Zach Keene is  returning as Spruce Mountain’s girls varsity basketball coach.

Administrators reinstated Keene after a meeting on Wednesday.

“I’m definitely excited,” Keene said. “It’s obviously what the girls wanted. At the end of the day, we put them first and figured it out.”

Keene, who has coached the Phoenix for three seasons, was informed by athletic director Marc Keller that he would not be asked to return as coach during his regular end-of-season evaluation on March 28.

A public meeting was held April 1 with Keller and Keene among those in attendance to discuss the decision. About 50 people, including players, parents and school board members, filled the high school library and overwhelmingly expressed their support for Keene.
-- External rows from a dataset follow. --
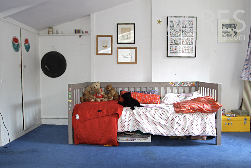C0695 - Petit loft accueillant Visite rapide Visite complète Visite par pièce Paris SalonBibliothèqueSalonCuisineChambreChambre d'enfant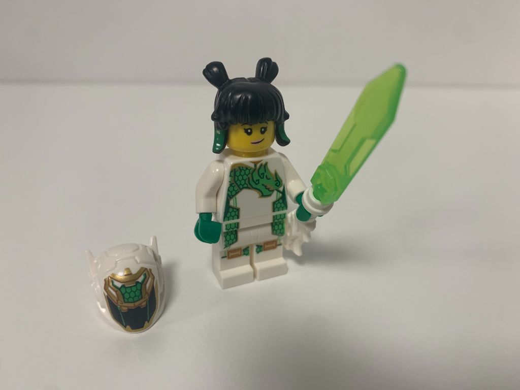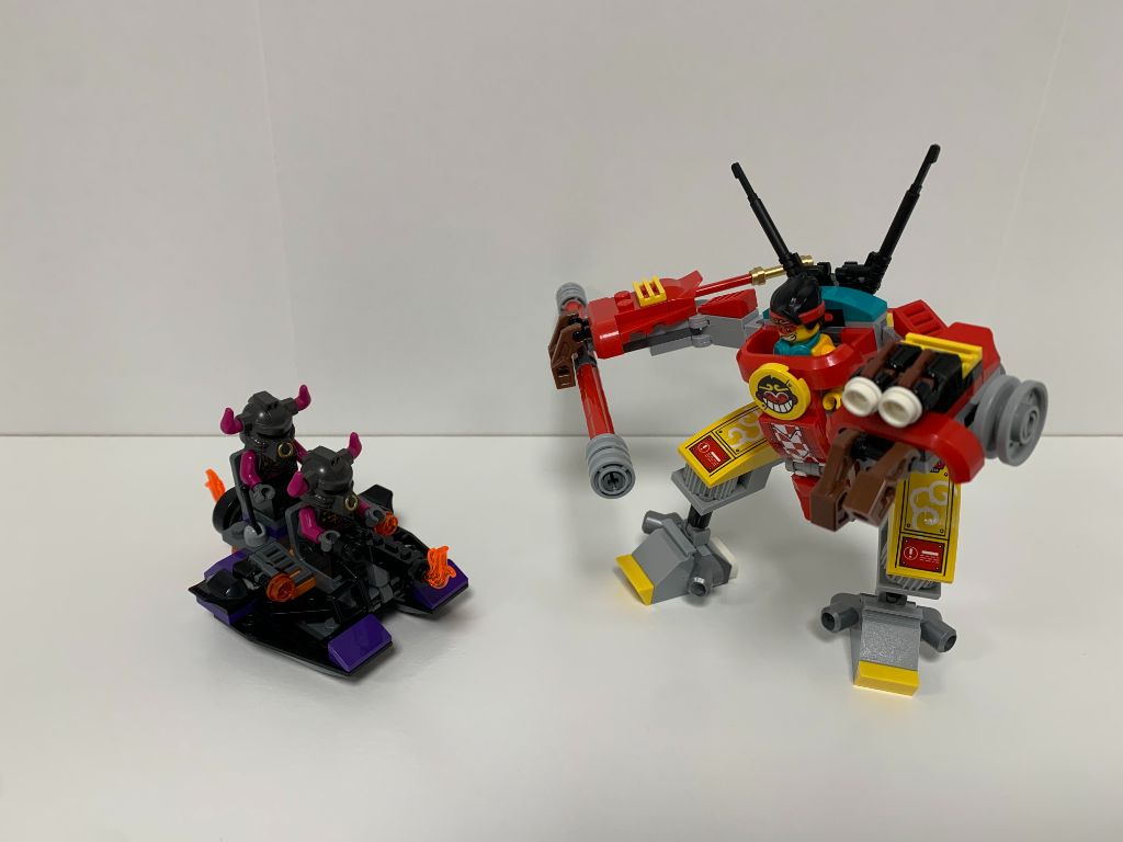 On obtient la 1ère des minifigs, le héros de la gamme : Monkie Kid. Magnifiques tampographies jusque sur le côté des jambes, tête à double expression dont une particulièrement sympa avec les yeux sur fond rouge, bref c’est du très bon tout cela.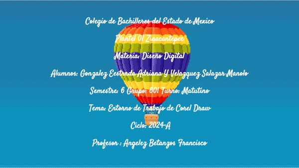 Colegio de Bachilleres del Estado de Mexico Plantel 01 Zinacantepec Materia: Diseño Digital Alumnos: Gonzalez Eestrada Adriana Y Velazquez Salazar Manolo Semestre: 6 Grupo: 601 Turno: Matutino Tema: Entorno de Trabajo de Corel Draw Ciclo: 2024-A Profesor : Angelez Betanzos Francisco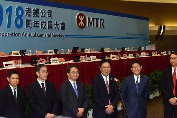港鐵主席馬時亨(右三)在港鐵周年股東大會上強調,市民最關心的票價機制,必須公平、公開及透明度高。記者馮俊文攝

“I heard a lot of what the parents had to say and what the kids had to say, most importantly,” Keller said, “and recognized that coach Keene is a vital part of our school and community.”

Keller, Keene and principal TJ Plourde met on April 2 and continued discussions through a meeting involving all three on Wednesday where Keene accepted administrators’ offer to be reinstated.

“We had some things that we needed to work through in order to make this happen and I think what we’ve done is going to be what’s best for our kids and for our school, and I’m happy that we were able to work something out,” Keller said.

Asked if there were any conditions with Keene’s return, Keller declined further comment. Keene, who at the April 1 public meeting talked about the reasons he was given for his firing during the March 28 evaluation meeting, said he worked with administrators to develop “an action plan for things moving forward.”

At the April 1 meeting, Keene said the reasons he was given for his termination involved holding a practice on a snow day during the season, his sideline conduct, dwindling numbers in the basketball program, acquiring his required CPR certification late and allowing his team to wear warm-up shirts that displayed a company logo, which is against Maine Principals’ Association rules.

Supporters who spoke at that meeting said the reasons cited were in some instances unfair and weren’t sufficient to let go of a coach who was a good coach, a good role model and genuinely cared for his players. One player said that she did not think she would continue to play if Keene was not the coach next season and said other players felt the same way.

Keene said the support at the meeting and in the nearly two weeks since he was fired was key to administrators reconsidering their decision.

“It was huge. I think it was huge for everybody to see the support that was there,” Keene said. “And, obviously, it was appreciated on my end. It was pretty crazy how many people reached out to me and supported me during it.”

Keene said he also appreciated Plourde and Keller keeping in communication with him since that meeting to work on a solution.

The Phoenix went 24-33 in Keene’s first three years as coach. They reached the tournament in his second and third years, losing in the Class B South quarterfinals in 2018 and preliminary round in 2019.

Editor’s note: This story was updated from an earlier version which incorrectly reported the reinstatement required RSU 73 school board approval.